If we decode this solution, we get the same answer:
┌─────┬─────┐
│ 2 1 │ 4 3 │
│ 4 3 │ 1 2 │
├─────┼─────┤
│ 1 2 │ 3 4 │
│ 3 4 │ 2 1 │
└─────┴─────┘
We successfully used cabal-install
dependency solver as a SAT solver. It is terribly slow, but it's probably still faster at solving 2×2 sudoku puzzle than myself. The code is available on GitHub if you want to play with it.
However, it is not unheard that we need to encode some logical constraints in cabal file.
For example transformers-compat
encodes which transformers
version it depends on using kind of unary encoding: each bucket is encoded using single flag: Removing some unrelated bits:
...
if flag(four)
build-depends: transformers >= 0.4.1 && < 0.5
else
build-depends: transformers < 0.4 || >= 0.5
if flag(three)
build-depends: transformers >= 0.3 && < 0.4
else
build-depends: transformers < 0.3 || >= 0.4
...
The choice of transformers
versions forces assignments to the automatic flags (four
, three
, ...) and then we can alter build info of a package based on that.
That is an indirect way of writing (encoding!) something like
if build-depends(transformers >= 0.4.1 && <0.5)
...
if build-depends(transformers >= 0.3 && <0.4)
...
A common example in the past was adding old-locale
dependency when the old version of time
library was picked:
if flag(old-locale)
build-depends:
old-locale >=1.0.0.2 && <1.1
, time >=1.4 && <1.5
else
build-depends: time >=1.5 && <1.7
which could be written as
build-depends: time >=1.4 && <1.7
if build-depends(time < 1.5)
build-depends: old-locale >=1.0.0.2 && <1.1
Another example is functor-classes-compat
which also encodes transformers
and base
version subsets, but it is using binary encoding of four options. There the implied constraints are also (hopefully) disjoint making flag assignment deterministic.

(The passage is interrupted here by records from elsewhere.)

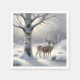 A peaceful winter scene showcases two deer standing close together in a snow-covered forest by a birch tree with a heart-shaped carving and softly falling snowflakes.
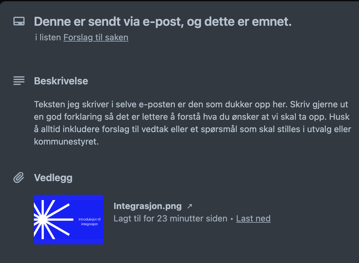 Sånn ser det ut når vi får inn innspillet ditt. Overskriften er emnet, brødteksten er det du skriver i mailen, og vedlegg lastes opp.
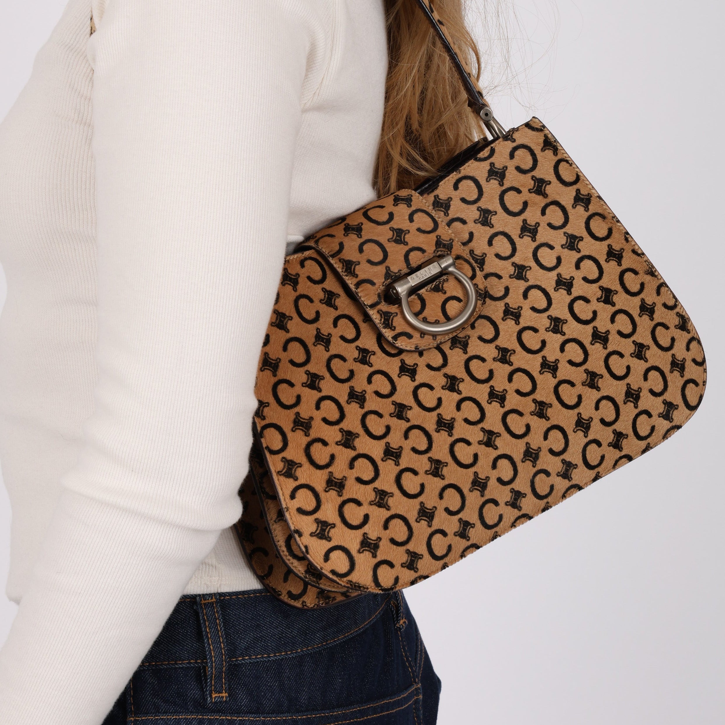 Celine Triomphe C Pony Hair Clasp Shoulder Bag

I think that automatic flags are good feature to have. It is a basic building block, but is a "low-level" feature. On the other hand if build-depends(...)
construct is more difficult to use wrong, and probably covers 99% of the use cases for automatic flags. If you are mindful that you encoding if build-depends (...)
constraint, then you'll probably use cabal's automatic flags correctly. Conversely, if you are using automatic flags to encode something else, like solving general SAT problems, most likely you are doing something wrong.